:: WHAT THE TASK REQUIRES ::
Begin at the top of the records below and return each line exactly through the line with "이미지 확대보기한국남동발전은 지난". Skip pictures.

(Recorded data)

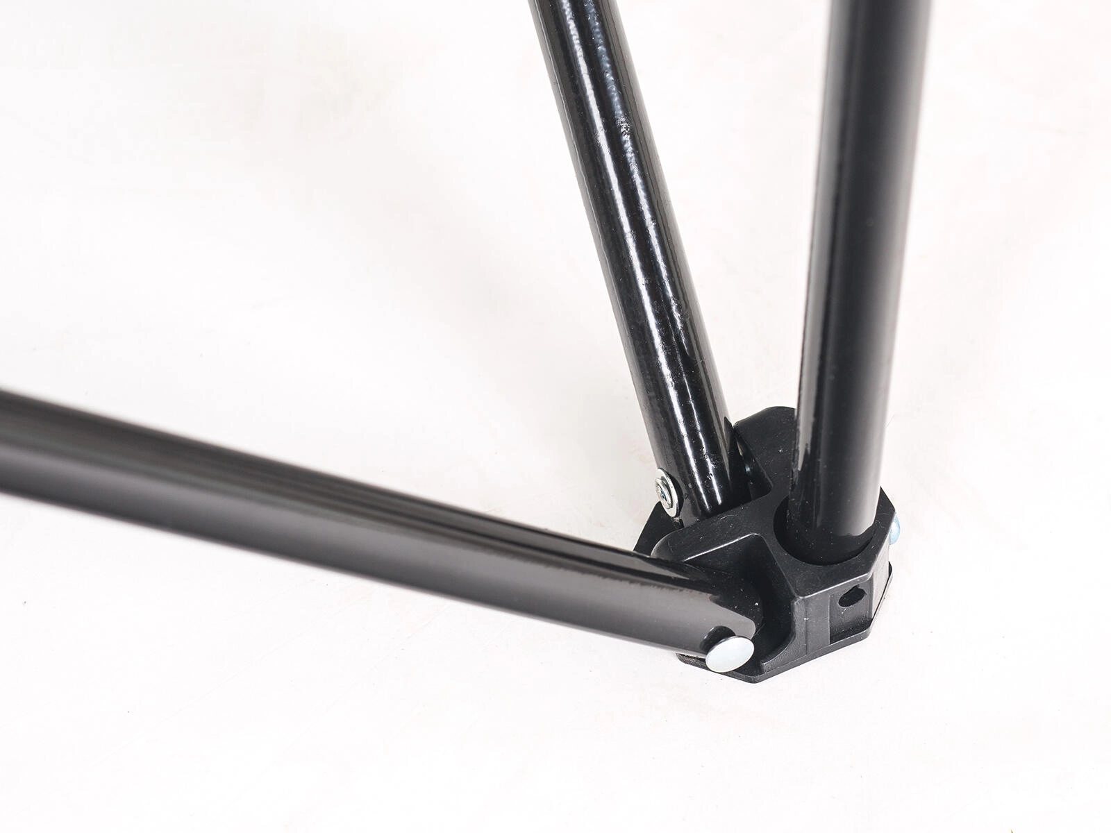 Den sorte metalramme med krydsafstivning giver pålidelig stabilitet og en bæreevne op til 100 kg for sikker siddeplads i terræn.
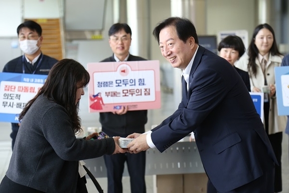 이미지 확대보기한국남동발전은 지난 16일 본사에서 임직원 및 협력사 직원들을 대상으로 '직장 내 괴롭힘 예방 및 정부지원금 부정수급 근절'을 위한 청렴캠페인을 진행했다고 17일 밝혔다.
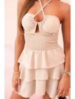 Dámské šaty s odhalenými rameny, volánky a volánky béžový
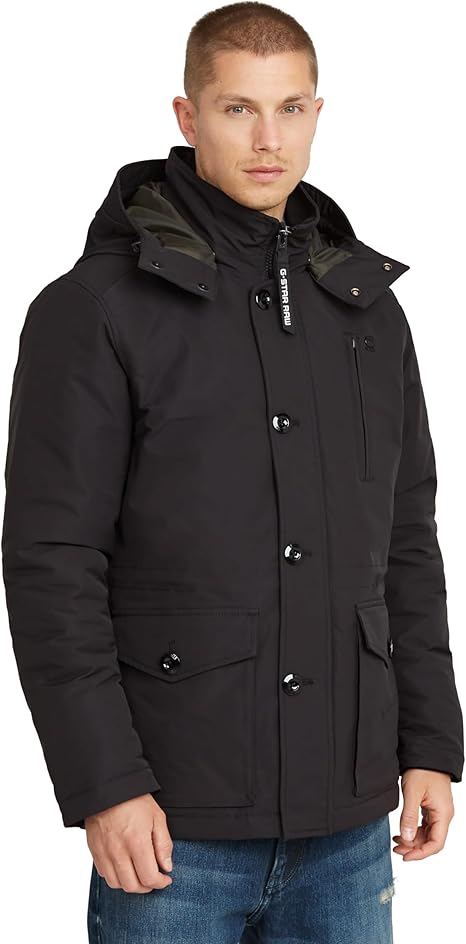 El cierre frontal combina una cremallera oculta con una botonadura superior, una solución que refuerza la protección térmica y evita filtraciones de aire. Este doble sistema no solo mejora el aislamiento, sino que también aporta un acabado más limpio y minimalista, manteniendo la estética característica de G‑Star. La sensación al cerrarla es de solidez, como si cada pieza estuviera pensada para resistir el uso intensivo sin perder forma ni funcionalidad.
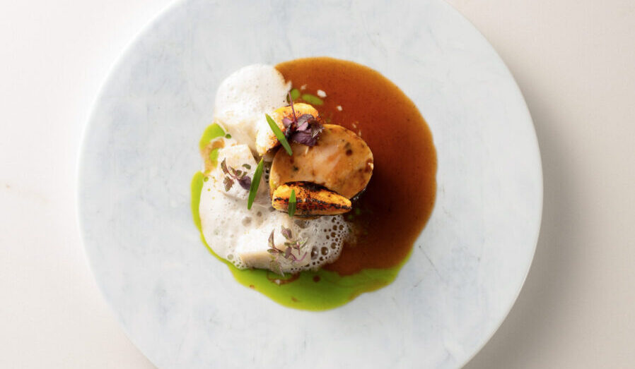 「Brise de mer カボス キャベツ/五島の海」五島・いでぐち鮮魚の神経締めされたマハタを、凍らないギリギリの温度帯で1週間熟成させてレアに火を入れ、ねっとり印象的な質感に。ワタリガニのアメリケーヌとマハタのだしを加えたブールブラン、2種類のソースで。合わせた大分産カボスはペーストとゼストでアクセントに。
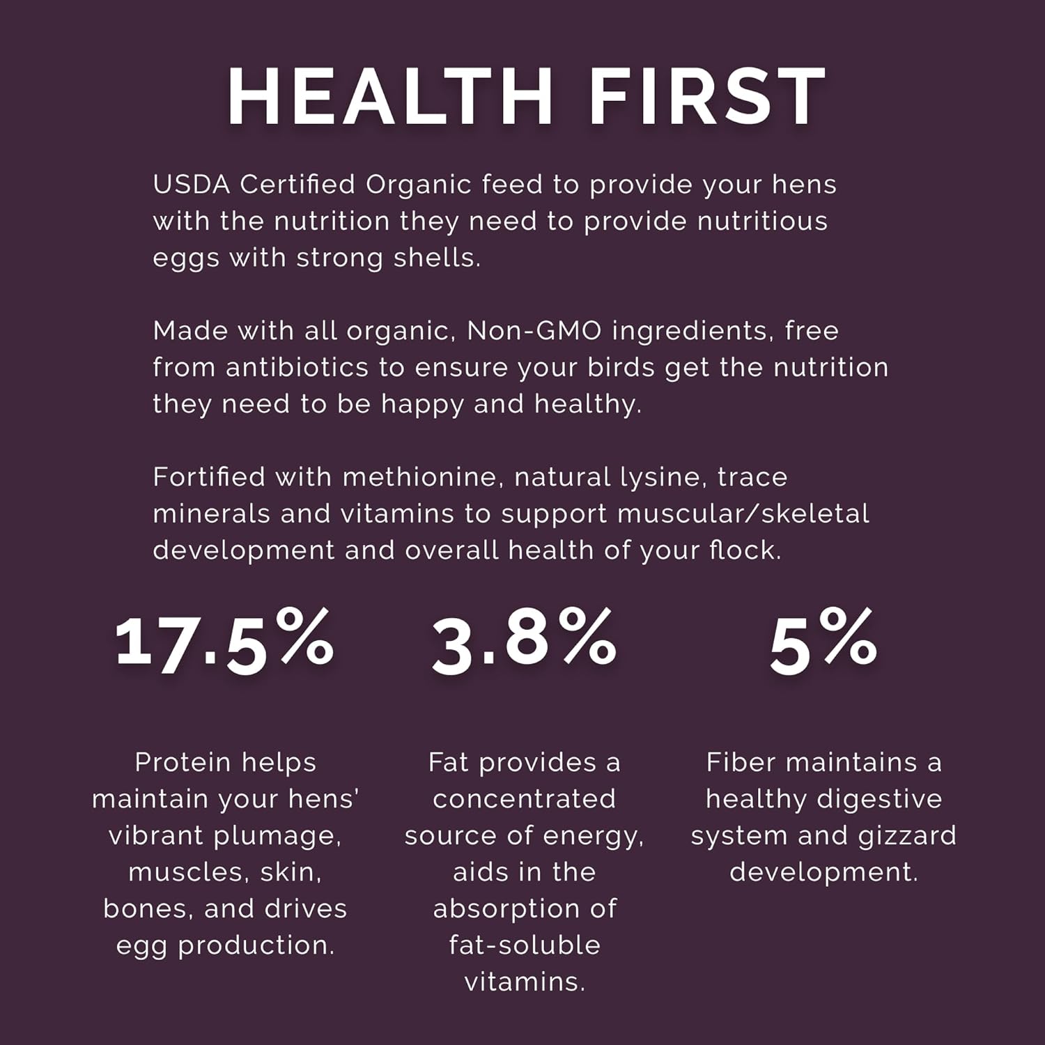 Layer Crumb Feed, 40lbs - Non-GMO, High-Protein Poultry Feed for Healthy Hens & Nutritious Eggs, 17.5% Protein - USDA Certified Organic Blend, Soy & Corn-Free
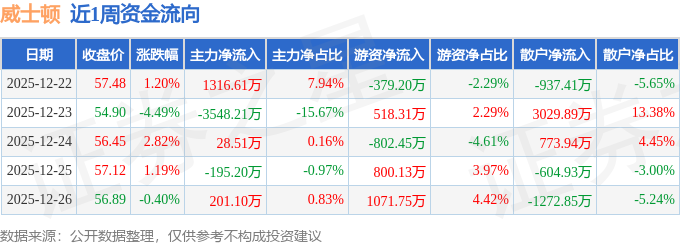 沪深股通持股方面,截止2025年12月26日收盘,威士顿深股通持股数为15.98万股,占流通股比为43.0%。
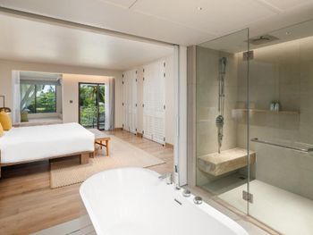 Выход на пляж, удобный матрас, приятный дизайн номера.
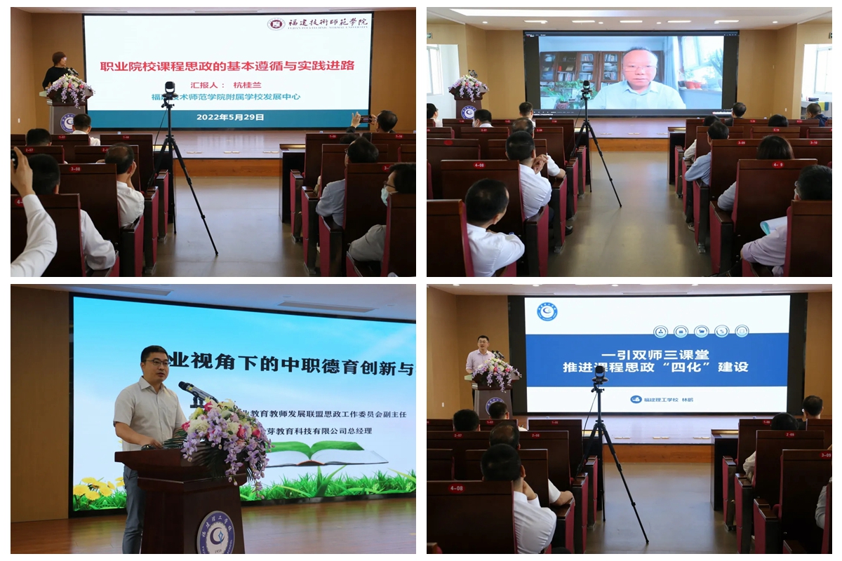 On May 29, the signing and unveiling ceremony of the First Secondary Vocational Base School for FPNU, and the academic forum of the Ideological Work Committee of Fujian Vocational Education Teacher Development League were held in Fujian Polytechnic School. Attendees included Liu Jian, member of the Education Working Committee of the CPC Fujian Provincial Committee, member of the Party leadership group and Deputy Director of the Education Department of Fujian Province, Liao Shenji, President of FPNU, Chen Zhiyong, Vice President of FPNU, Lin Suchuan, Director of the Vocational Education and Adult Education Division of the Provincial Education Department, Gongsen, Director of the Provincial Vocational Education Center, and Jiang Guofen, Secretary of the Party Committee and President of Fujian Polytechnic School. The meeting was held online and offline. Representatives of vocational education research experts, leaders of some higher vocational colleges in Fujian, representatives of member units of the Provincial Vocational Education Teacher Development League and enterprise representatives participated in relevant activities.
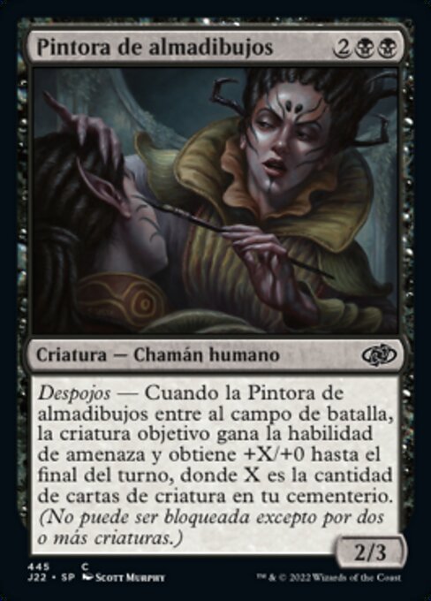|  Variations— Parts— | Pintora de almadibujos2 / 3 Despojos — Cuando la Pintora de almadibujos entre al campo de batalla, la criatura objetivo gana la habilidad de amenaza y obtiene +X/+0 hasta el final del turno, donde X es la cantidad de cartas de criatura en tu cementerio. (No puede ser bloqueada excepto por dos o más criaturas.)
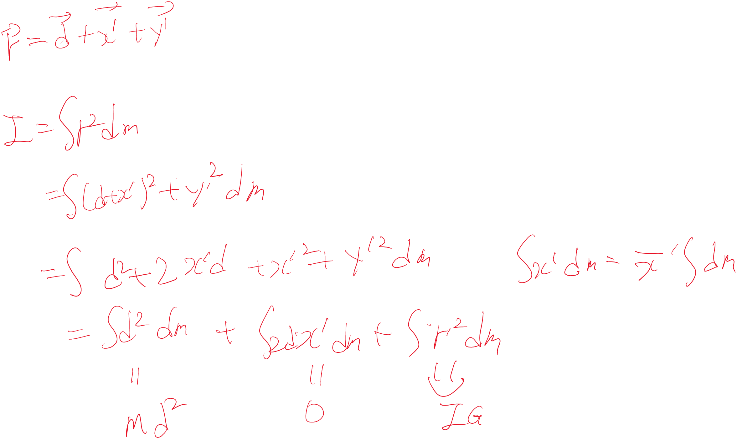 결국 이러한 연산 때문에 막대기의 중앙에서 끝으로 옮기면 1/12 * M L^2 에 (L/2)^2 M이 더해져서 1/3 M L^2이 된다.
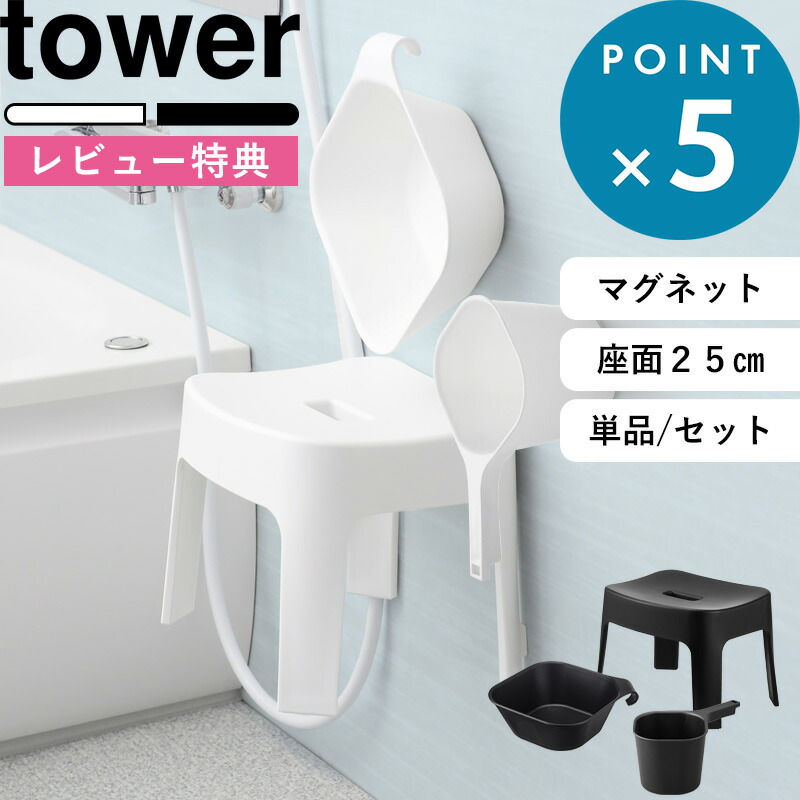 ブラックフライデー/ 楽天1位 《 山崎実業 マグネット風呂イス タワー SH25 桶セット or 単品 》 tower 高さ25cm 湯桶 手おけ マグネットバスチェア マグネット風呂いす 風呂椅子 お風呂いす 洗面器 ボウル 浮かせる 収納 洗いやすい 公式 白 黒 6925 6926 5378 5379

:: SOLUTION FOR THIS EXERCISE ::
 Den sorte metalramme med krydsafstivning giver pålidelig stabilitet og en bæreevne op til 100 kg for sikker siddeplads i terræn.
 이미지 확대보기한국남동발전은 지난 16일 본사에서 임직원 및 협력사 직원들을 대상으로 '직장 내 괴롭힘 예방 및 정부지원금 부정수급 근절'을 위한 청렴캠페인을 진행했다고 17일 밝혔다.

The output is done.